Last month it was petrol, this month it’s water. When the public is worried about shortages, the response of politicians is to screw up the price mechanism to make things worse.
Yesterday the Business Council of Australia released a report, Water Under Pressure, making the fairly obvious point that the first step towards addressing our water shortage is to charge sensible prices for the stuff. But Victorian premier Steve Bracks rejected the idea of using price rather than rationing to control usage: “It has to be reasonable and affordable as well.”
Rationing may be a logical response to sudden emergencies. But water shortages are not like that; they are matters of long-term cause and effect. As a feature article in Saturday’s Australian put it, “Being surprised by a water shortage is like having a tortoise sneak up on you. You need to be looking the other way for an awfully long time.”
Everyone agrees that we need to use water more efficiently. But the best way to ensure that – as with petrol, or carbon emissions, or pretty much anything else – is to give people an economic incentive to do so, by making them pay the real cost of what they use.

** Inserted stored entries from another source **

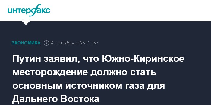 Москва. 4 сентября. INTERFAX.RU - Газификация Дальнего Востока в перспективе должна быть обеспечена за счет ввода Южно-Киринского месторождения на шельфе Сахалина, заявил президент РФ Владимир Путин в ходе совещания, посвященного развитию топливно-энергетического комплекса региона, на Восточном экономическом форуме (ВЭФ-2025).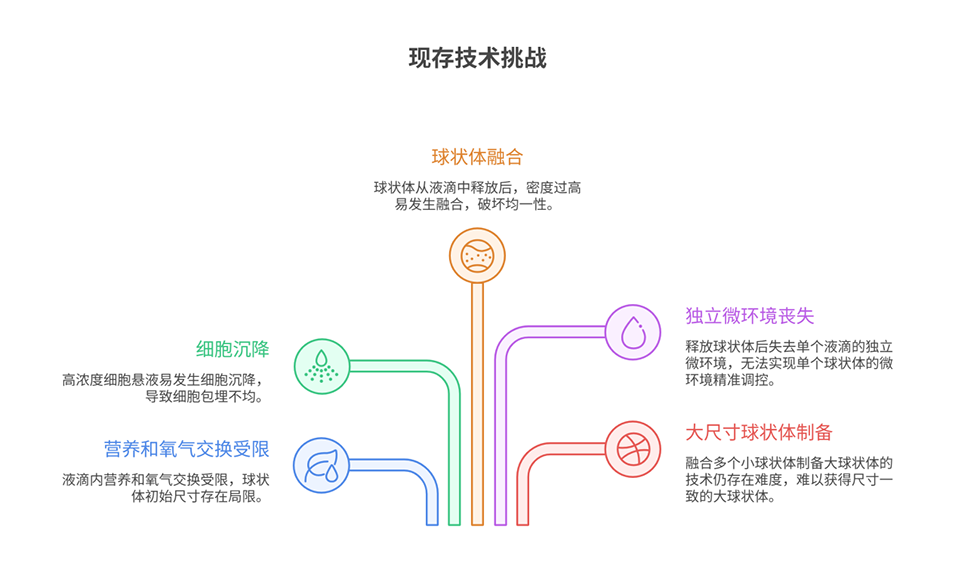 4、平台优势与局限性:相较于悬滴法、液体覆盖培养等传统肿瘤球状体生成方法,该液滴微流控平台兼具高通量、尺寸均一、微环境可精准调控的优势,提升了药物筛选的可靠性和可重复性;但目前存在球状体尺寸受液滴空间限制、高浓度细胞易沉降、球状体释放后易融合等技术挑战。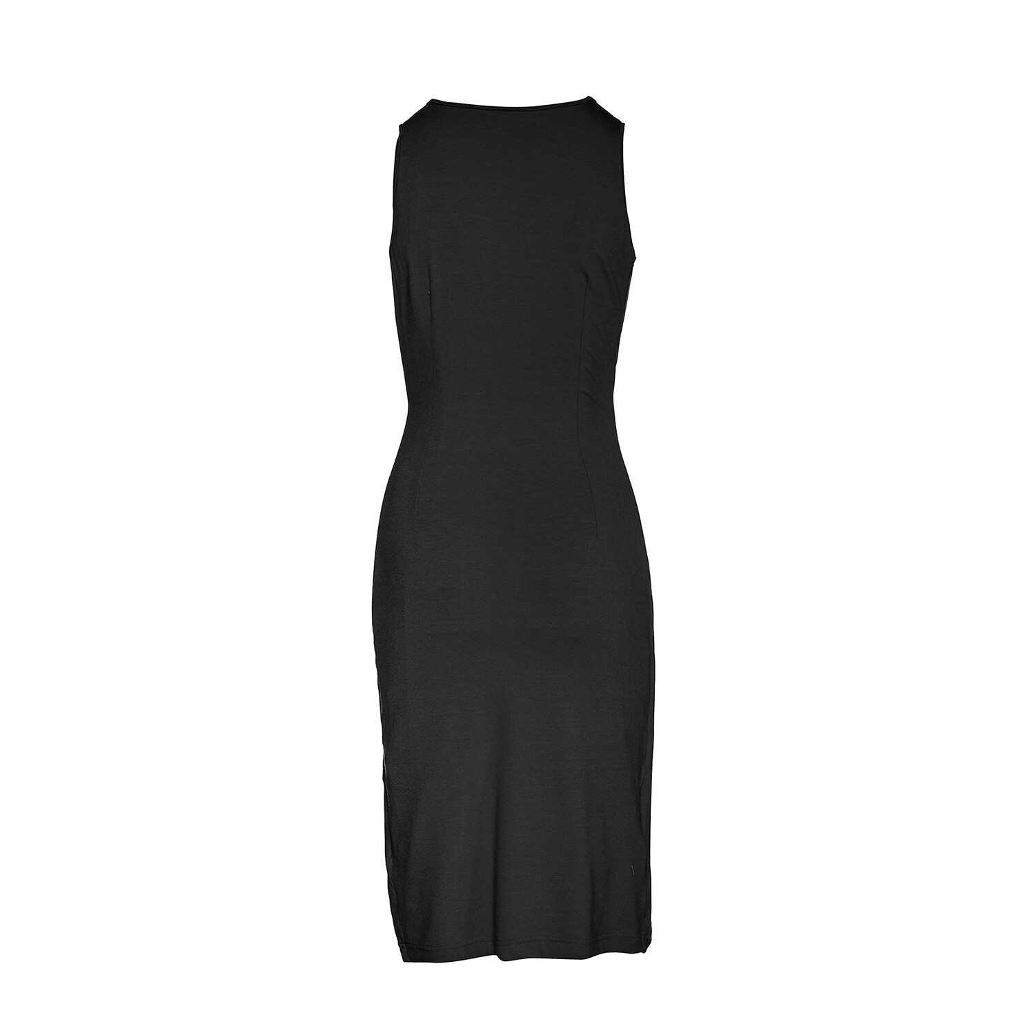 Однотонное платье без рукавов из эластичного трикотажа: вискоза-эластан. Передняя часть с запахом, заканчивающаяся складками на талии слева спереди. Однотонная эластичная подкладка в области спины. Мерки для размера 38/М (в см): ширина плеч - 29, обхват груди - 38, обхват талии - 32, обхват подола - 42, длина тела - 102. 92%Вискоза-8%Эластан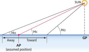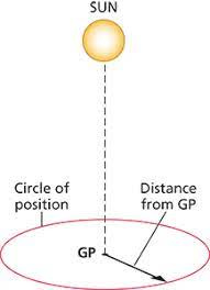 Plot a Line of Position (LOP): A single sextant measurement establishes that the navigator is somewhere on a large circle on the Earth’s surface that is centered on the GP.

Isn’t it unfair if the rich can buy more water than the poor? That’s a very deep question; it depends on what you mean by “unfair”. But the answer is no different if you substitute anything else for “water”. Poor people need to be able to buy food as well, but we don’t resort to food rationing to achieve that: we give them welfare payments so they can make their own choices about what they need most.
Our current policies don’t subsidise people for being poor, or for any other objective test of disadvantage: they subsidise them according to how much water they use. That’s just crazy.
The market can help us respond to scarcity by adjusting demand and supply, but only if it’s allowed to work. Giving people the product for less than its value just means that the crunch, when it comes, will be that much worse.